Not MANIFESTLY more connected with the law of Alberta.
What does Silverman v Ryanair DAC [2021] tell us about the application of article 4?
Claimant travelling from England to Berlin. Walking down the stairs from the terminal to embark on the plain, he suffered an injury. Brought a claim.
What law applied to his claim? He was in England when the accident happened, England law is the law under 4.1.
Wanted to show that it was more closely connected with Irish law… higher damages.
Ryanair argued English law was more applicable.
Held in favour of Irish law.
Para 73.
The existence of a choice of law clause connecting to the airline’s domicile, satisfies A4.3. Under the contract with Ryanair, there is a choie of Irish law under the contract. Can’t automatically apply to the delict. But the fact that it was the defendant’s domicile, and the law governing the contract.
More closely connected to Irish law.
What does Pickard v Marshall [Motor Insurers’ Bureau] [2017] tell us about the application of article 4?
Judge also refers to the high hurdle of A4.3.
Consistent with Rai.
What were the facts of Owen v Galgey [2020]?
Self-employed builder, domiciled in England.
Sued 5 parties for an injury in France.
Galgeys were acquaintance of Owen, neighbours in England, who had a villa in France. They had previously employed him to build in France for them.
After this, the let him holiday at the villa. Work was still underway. One night, he went to check on his car, fell into the swimming pool which was under renovation and had no water in it. Suffered injury, was in hospital. Sued the couple, their insurer, the contractor renovating the pool, and the contractor’s insurer.

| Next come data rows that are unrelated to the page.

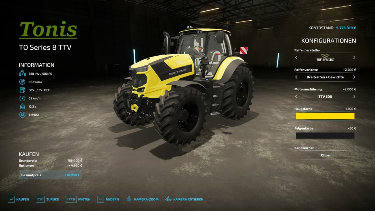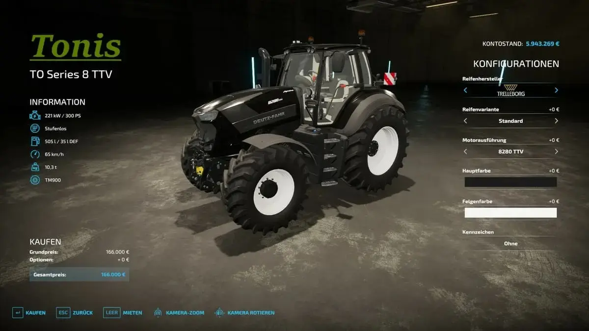 es wurde eine Standartfarb und Motorauswahl ( 300 , 400 , 500 und 600 PS) hinzugefügt.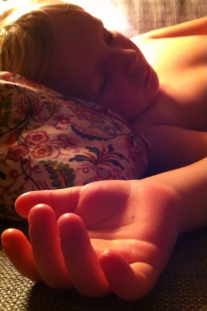 Ossian sover hos mormor och morfar. Han var ledsen och arg på förmiddagen och vi var tvungna att hitta på något för att han skulle bli gladare. Nu är han glad. Då är jag också nöjd.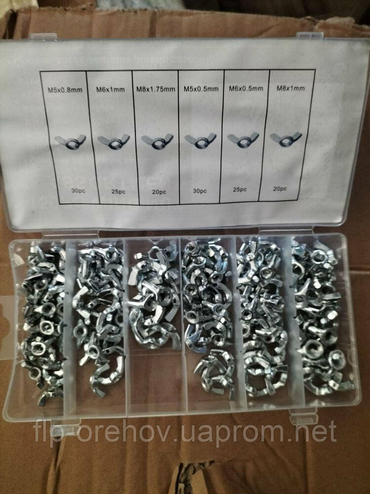 Набір гайок барашок 150 шт. 6 різновидів від М5х0, 8 мм-М8х1мв наборі такі розміри: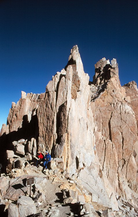 An der Grenze zum Sequoia Nationalpark, hier erreicht der Mt. Whitney Trail von rechts heraufkommend den Trail Crest.

Accepted that Owens v the contractor and their insurer was governed by French law.
What does Owen v Galgey [2020] tell us about the application of article 4?
What law governed the Galgeys and their insurer and the liability?
Common habitual residence — A4.2 pled by the Galgeys. Owens argued under A4.3. Manifestly more closely connected?
Linden J: A4.3 could displace 4.1 because claims against other defendants are governed by other law. This is a persuasive factor.
No clear guide as to what is more important factors.
Not necessary in order to invoke 4.3 that the court has to be satisfied that the case is somehow exceptional. It is given as a possibility, not to be seen as unreasonably difficult. When the court is applying A4, it must do so aware that the purpose of 4.1 and 4.2 is to achieve certainty. They will provide the answer unless the case is suitable to displacement.
4.3 is designed to introduce that flexibility albeit it will only operate in a clear case. A4.2 less significant where other defendants, who have a different HR.
Based on the things which are present at the time when the delict occurs.
A4.3 prevailed.
Different from Rai.
There is a series of delict-specific rules in arts 5 – 9. What are these?
Note: creates difficulties of classification.
Product liability (art 5; recital (20));
Unfair competition (art 6; recitals (21) and (22));
Environmental damage (art 7; recitals (23), (24) & (25));
Infringement of IP rights (art 8; recital (26)); and
Industrial action (art 9; recital (27)).
Specific rules for defamation claims and for road traffic accidents were considered but omitted.